Architecture, Modernity, & the Post-Colonial Narrative
New faculty members Malcolm Rio and Germán Pallares-Avitia explore architectural history through the lens of decoloniality.
By Simone Solondz for RISD News and Events
10/28/2021
Recently hired Assistant Professors of Architecture Malcolm Rio MArch 15 and Germán Pallares-Avitia are co-teaching Rethinking Modernity and Modern Architecture, a fall seminar exploring how the 19th- and 20th-century built environment of the West was shaped by shifting cultural, economic and political conditions. In a video conversation recently released as part of the Architecture department’s video series welcoming new hires with expertise in racial, social and environmental justice, the two scholars discuss the challenges of teaching architectural history through the lens of decoloniality.
“The goal is to expose students to problematics they will encounter in the real world, rather than presenting architectural theory that’s completely detached from the world they’re living in.”
ASSISTANT PROFESSOR GERMÁN PALLARES-AVITIA
The goal, says Pallares-Avitia (who is also serving as a fellow in RISD’s Center for Social Equity & Inclusion) is to expose students to “problematics they will encounter in the real world, rather than presenting architectural theory that’s completely detached from the world they’re living in.” Originally from Mexico, Pallares-Avitia focuses his research on modernization, cultural relations and borders. He explores postcolonial and decolonial concepts that refine our understanding of territories, nations, identity and migration as they relate to architecture and urban conditions. In his teaching he hopes to “open a channel for voices from the margins that aren’t normally heard in academia.”
1960s-era tourism ad promoting a white-washed Mexico.
Rio’s practice focuses on the historical intersections of race, sexuality, kinship and nation building in the 18th, 19th and 20th centuries. “RISD students are starting to call out contradictions around meritocracy, equity and universalism,” they say. “How do we redefine these terms in the studio?”

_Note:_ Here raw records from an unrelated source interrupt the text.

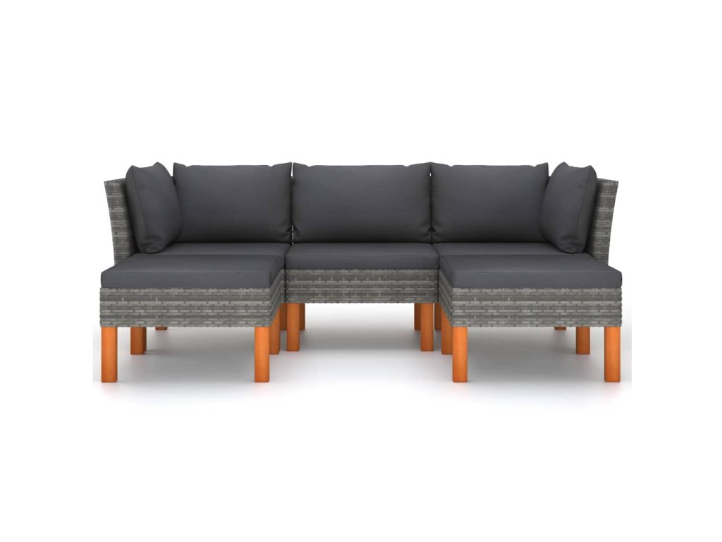 vidaXL 5-dielna záhradná sedacia súprava s podložkami polyratan sivá
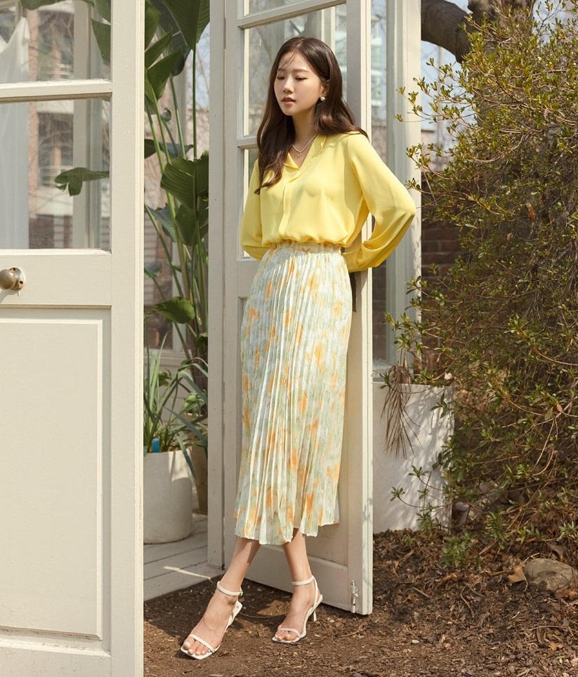 Thêm một công thức diện chân váy xếp ly đậm chất hè mà chị em có thể tham khảo, đó là combo áo sơ mi tông màu vàng kết hợp với chân váy họa tiết hoa. Nổi bật và tươi trẻ là vậy nhưng set đồ vẫn có sự hài hòa. Đôi sandal quai ngang tăng vẻ trang nhã cho outfit, đồng thời giúp hack dáng tối ưu.
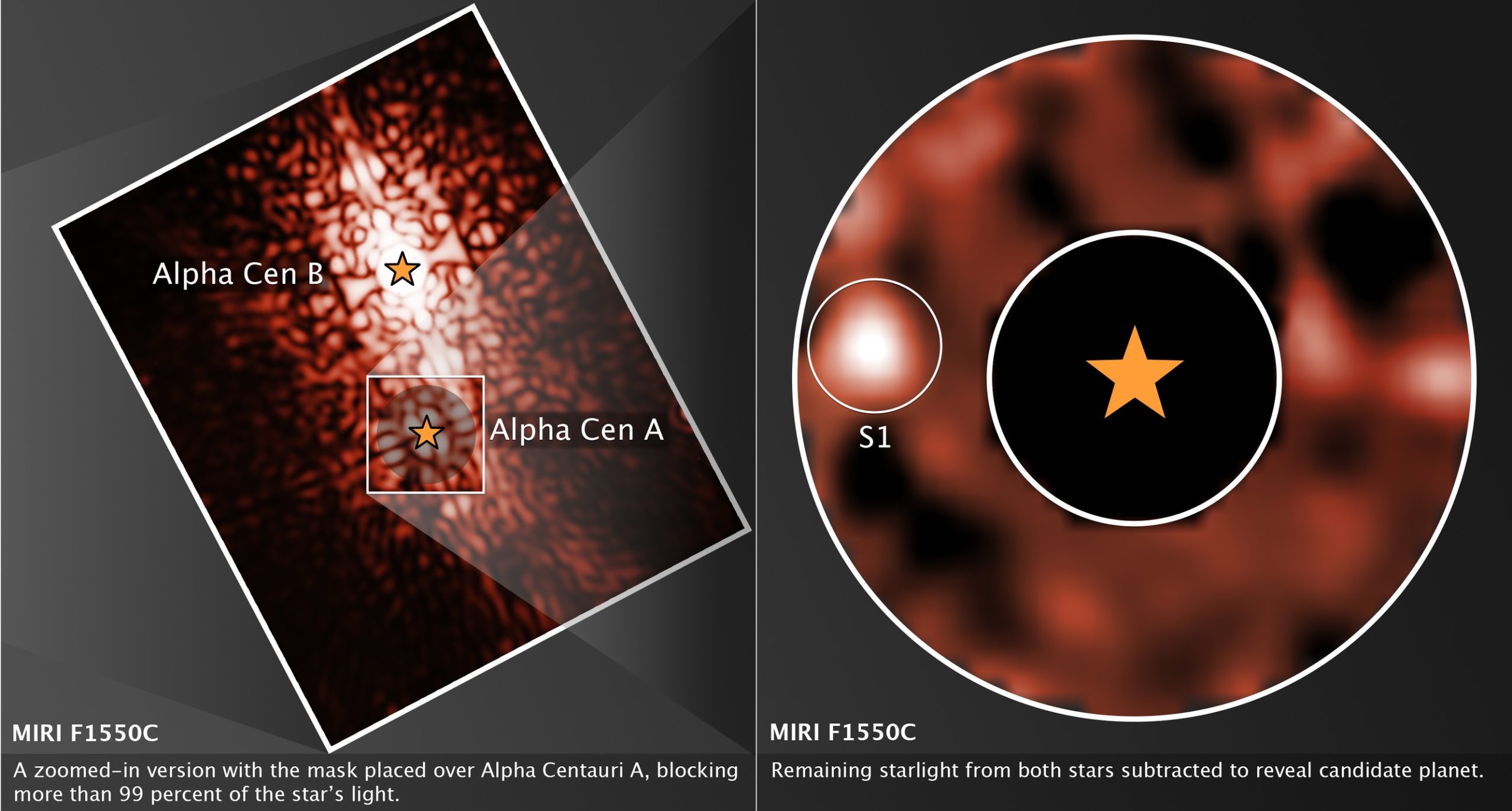 เมื่อเดือนสิงหาคม 2024 ทีมวิจัยใช้ James Webb Space Telescope กับเครื่องมือ Mid-Infrared Instrument หรือ MIRI ร่วมกับ Coronagraph แบบ Four Quadrant Phase Mask เพื่อกำบังแสงจาก Alpha Centauri A ในช่วงคลื่น 15.5 ไมโครเมตร การเลือกช่วงคลื่นนี้ไม่ใช่เรื่องบังเอิญ เพราะในย่าน Mid-Infrared ดาวเคราะห์ขนาดยักษ์ที่อยู่ในระยะ 1–3 AU จากดาวแม่จะมีอุณหภูมิราว 200–350 เคลวิน พอเหมาะให้แสงความร้อนของมันโดดเด่นขึ้นเมื่อเทียบกับแสงจ้าของดาวฤกษ์แม่ การทำงานนี้ซับซ้อนจนทีมต้องออกแบบแผนการสังเกตแบบพิเศษ สำหรับเป้าหมายนี้โดยเฉพาะ แถมยังต้องใช้ดาวสว่างใกล้เคียงอย่าง ε Muscae เป็น Reference Star เพื่อสร้าง Library ของรูปแบบแสงมาลบสัญญาณหลงเหลือจากทั้ง Alpha Cen A และแสงรบกวนจาก Alpha Cen B ที่อยู่ห่างเพียง 7–9 พิลลิอาร์กเซ็ก คล้ายกับการทำงานของหูฟัง Noise Cancellation ที่เราใช้กัน

In a Rethinking Modernity and Modern Architecture lecture focused on nationalism and nation building, Rio and Pallares-Avitia put these pedagogical concepts into practice. Pallares-Avitia began by grounding the conversation in present-day politics, revealing how architecture can serve as a powerful political symbol. “The cornerstone of Trump’s 2016 presidential campaign was his ‘build the wall’ rhetoric, which courted disappointed Americans and served to polarize society and promote an us versus them [mentality],” he explained.
The Museo Nacional de Antropologia e Historia in Mexico City and other Mexican museums served as models to “Americanize” the borderlands using European forms and concepts.

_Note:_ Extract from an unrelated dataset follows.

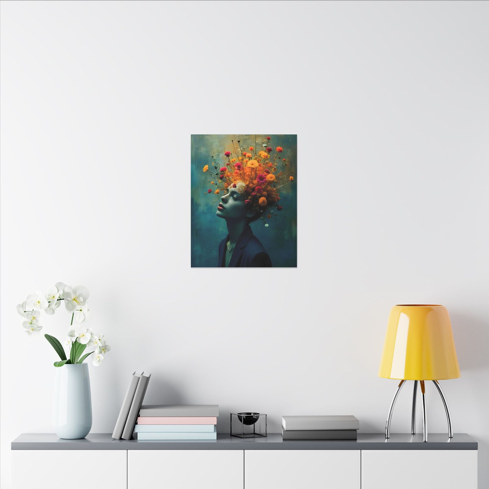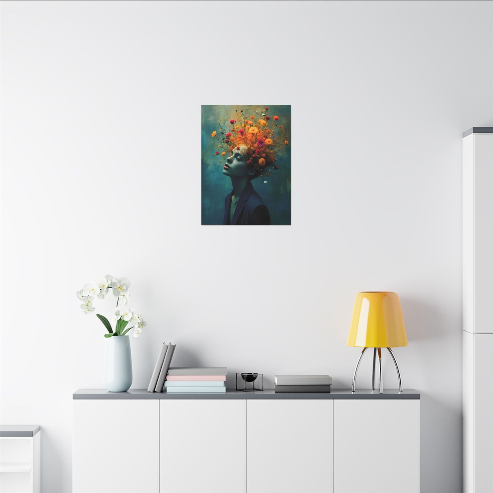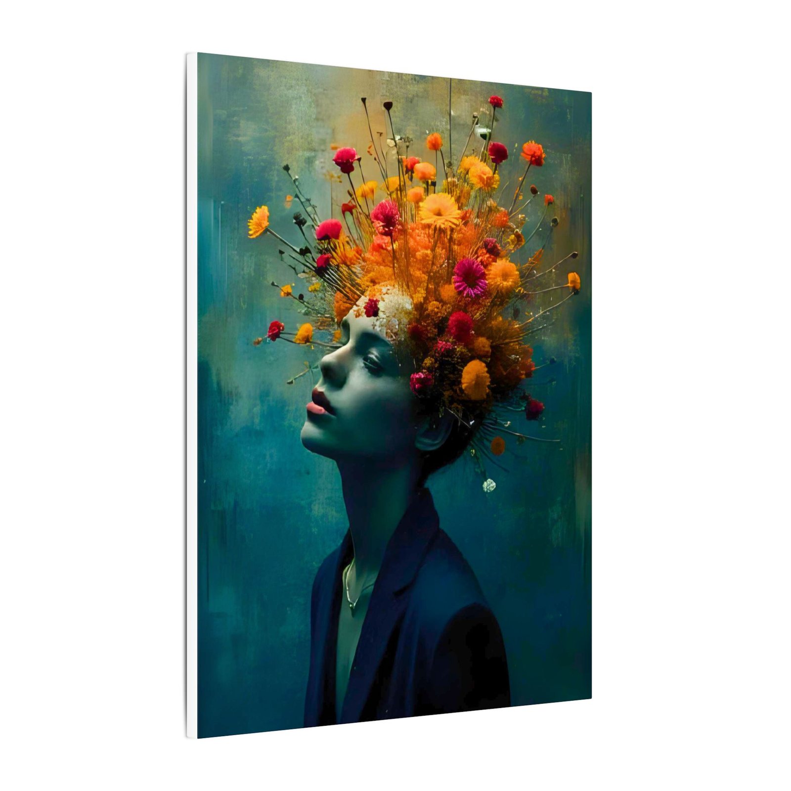 This stretched matte canvas brings a cinematic, dreamlike portrait into your space — a woman in quiet reverie crowned by an explosion of wildflowers. Colors sit rich and velvety against the muted teal background, while the matte finish softens glare and lends a gallery-quality depth. Hung in a living room, studio, or hallway, the piece reads like a visual poem: contemplative, vibrant, and quietly bold. It complements moody interiors, curated gallery walls, and creative workspaces, inviting viewers to linger and discover new details with each glance.

Pallares-Avitia went on to consider how the US-Mexico border has played into politically motivated narratives promoting white, heteropatriarchal tourism and “constructing a homogenized Mexican identity for export. This whitening of Mexican culture and erasure of Indigenous and African groups that helped to form it,” he explained, was played out in colonial architecture adopted by the Mexican government in the 1960s and in the design of cultural museums, including the Museo Nacional de Antropologia e Historia.
Rio also spoke about architecture as a means of promoting national identity, citing as an example Virginia’s neoclassical state capitol, which was erected by Thomas Jefferson and modeled after The Maison Carrée in Nîmes, France. “The capitol was built using slave labor,” they pointed out, “belying the ideas it was meant to represent.”
“The [Virginia state] capitol was built using slave labor, belying the ideas it was meant to represent.”
ASSISTANT PROFESSOR MALCOLM RIO
They went on to consider the 1893 World’s Columbian Exposition in Chicago, which was designed by Frederick Law Olmsted and considered “a model of classical taste. The exposition glorified the progress and development of the Western world and presented the US as the apex of pan-American culture and the superior protector of the Western hemisphere,” they noted.
The 1893 World’s Columbian Exposition in Chicago presented the US as the apex of pan-American culture.
One of the readings assigned for the course was a piece by Architecture Department Head Amy Kulper, who sat in on the class and helped to field student questions. Her article for the Journal of Architectural Education examines the role of the built environment in the January 6, 2021 attack on the US Capitol Building. Kulper commented on the “presentist phenomenon” in which people are unable to see current events as part of a historical arc, and what she described as former President Trump’s “tyranny of intimacy” using social media to monopolize the nation’s attention and manipulate its reactions to his administration’s policies.
The class ended with a discussion of the Architecture department’s changing pedagogical focus from the practice of design to the design of practice. As Rio says, “It’s time to talk about what is intentionally being left out or adulterated. There are dark histories we need to reconcile with [if we want] to hold the profession of architecture accountable.”